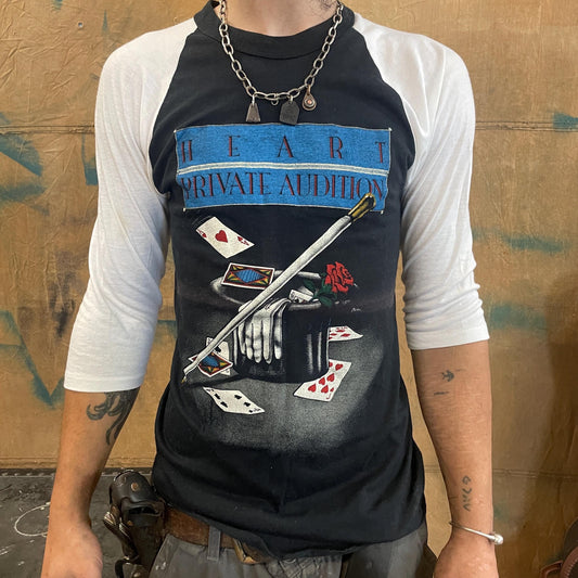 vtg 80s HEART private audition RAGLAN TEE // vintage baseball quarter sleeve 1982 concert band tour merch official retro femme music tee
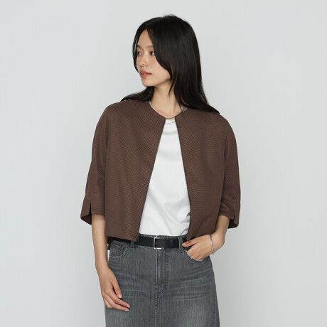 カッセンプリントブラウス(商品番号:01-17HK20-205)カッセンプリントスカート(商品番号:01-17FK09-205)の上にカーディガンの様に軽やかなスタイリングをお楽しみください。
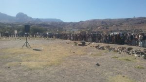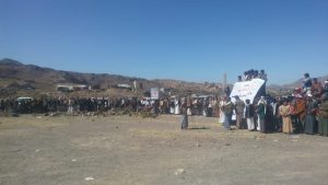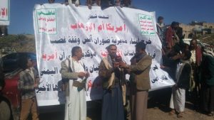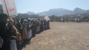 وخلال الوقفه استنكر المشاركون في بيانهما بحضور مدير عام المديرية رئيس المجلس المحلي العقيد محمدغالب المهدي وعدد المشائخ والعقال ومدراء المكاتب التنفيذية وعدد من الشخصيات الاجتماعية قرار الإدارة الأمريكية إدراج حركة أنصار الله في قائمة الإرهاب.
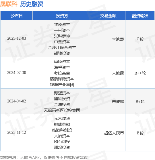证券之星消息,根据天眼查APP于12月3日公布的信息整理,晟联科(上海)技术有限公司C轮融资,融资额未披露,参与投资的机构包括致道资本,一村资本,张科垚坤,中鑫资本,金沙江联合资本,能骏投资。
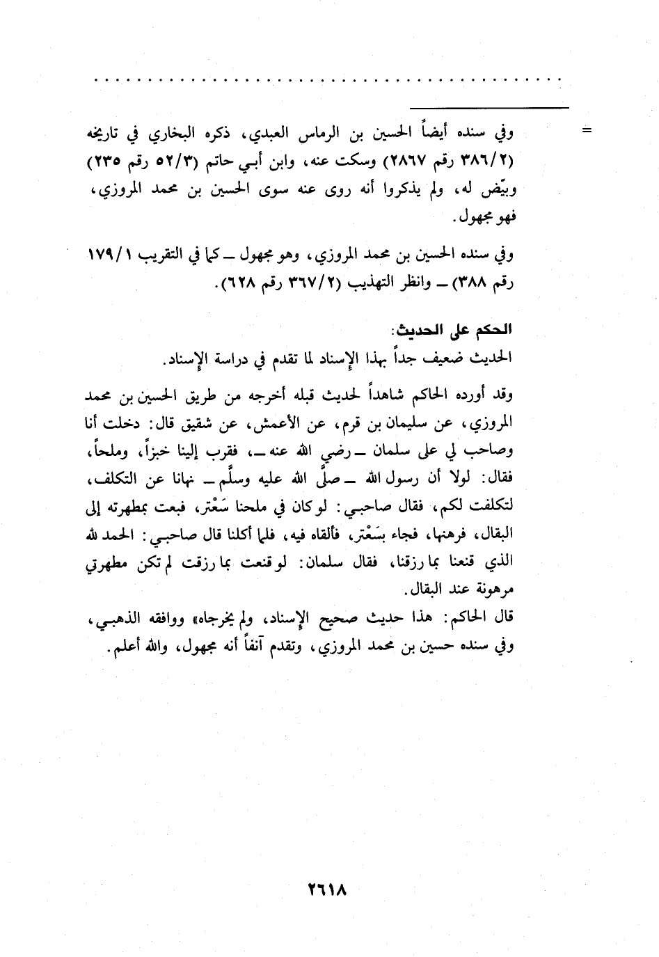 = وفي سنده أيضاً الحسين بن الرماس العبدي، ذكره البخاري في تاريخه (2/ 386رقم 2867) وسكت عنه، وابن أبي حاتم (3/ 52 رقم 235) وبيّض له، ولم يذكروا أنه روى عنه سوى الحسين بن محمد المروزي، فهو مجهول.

...

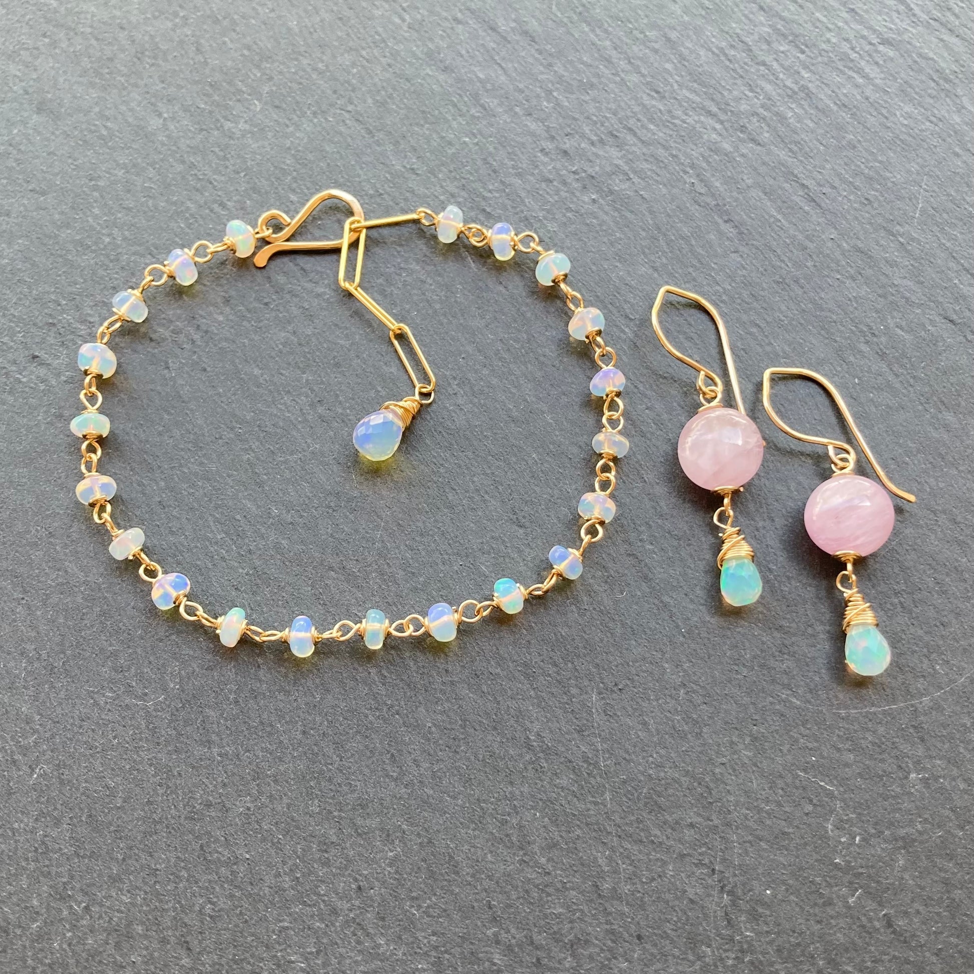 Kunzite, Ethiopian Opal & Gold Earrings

--

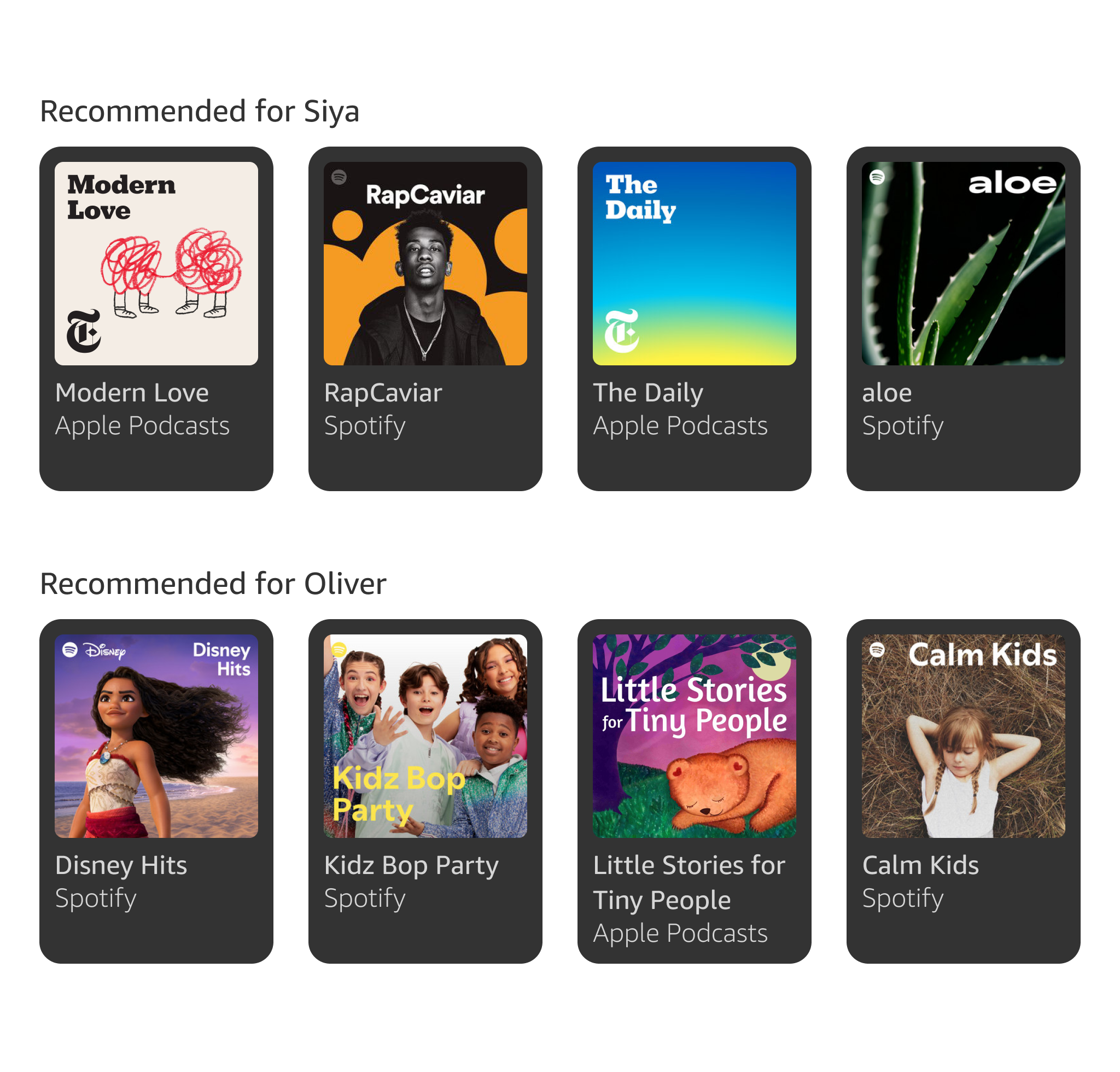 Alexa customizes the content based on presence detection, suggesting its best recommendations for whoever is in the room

*INSTRUCTIONS FOR THE TASK*: Above is the material; set down exactly its lines from the one containing "vtg 80s HEART" down to the one containing "المروزي، فهو مجهول.", both included, leaving out any pictures.

*WRITTEN ANSWER*:
 vtg 80s HEART private audition RAGLAN TEE // vintage baseball quarter sleeve 1982 concert band tour merch official retro femme music tee
 カッセンプリントブラウス(商品番号:01-17HK20-205)カッセンプリントスカート(商品番号:01-17FK09-205)の上にカーディガンの様に軽やかなスタイリングをお楽しみください。
 وخلال الوقفه استنكر المشاركون في بيانهما بحضور مدير عام المديرية رئيس المجلس المحلي العقيد محمدغالب المهدي وعدد المشائخ والعقال ومدراء المكاتب التنفيذية وعدد من الشخصيات الاجتماعية قرار الإدارة الأمريكية إدراج حركة أنصار الله في قائمة الإرهاب.
证券之星消息,根据天眼查APP于12月3日公布的信息整理,晟联科(上海)技术有限公司C轮融资,融资额未披露,参与投资的机构包括致道资本,一村资本,张科垚坤,中鑫资本,金沙江联合资本,能骏投资。
 = وفي سنده أيضاً الحسين بن الرماس العبدي، ذكره البخاري في تاريخه (2/ 386رقم 2867) وسكت عنه، وابن أبي حاتم (3/ 52 رقم 235) وبيّض له، ولم يذكروا أنه روى عنه سوى الحسين بن محمد المروزي، فهو مجهول.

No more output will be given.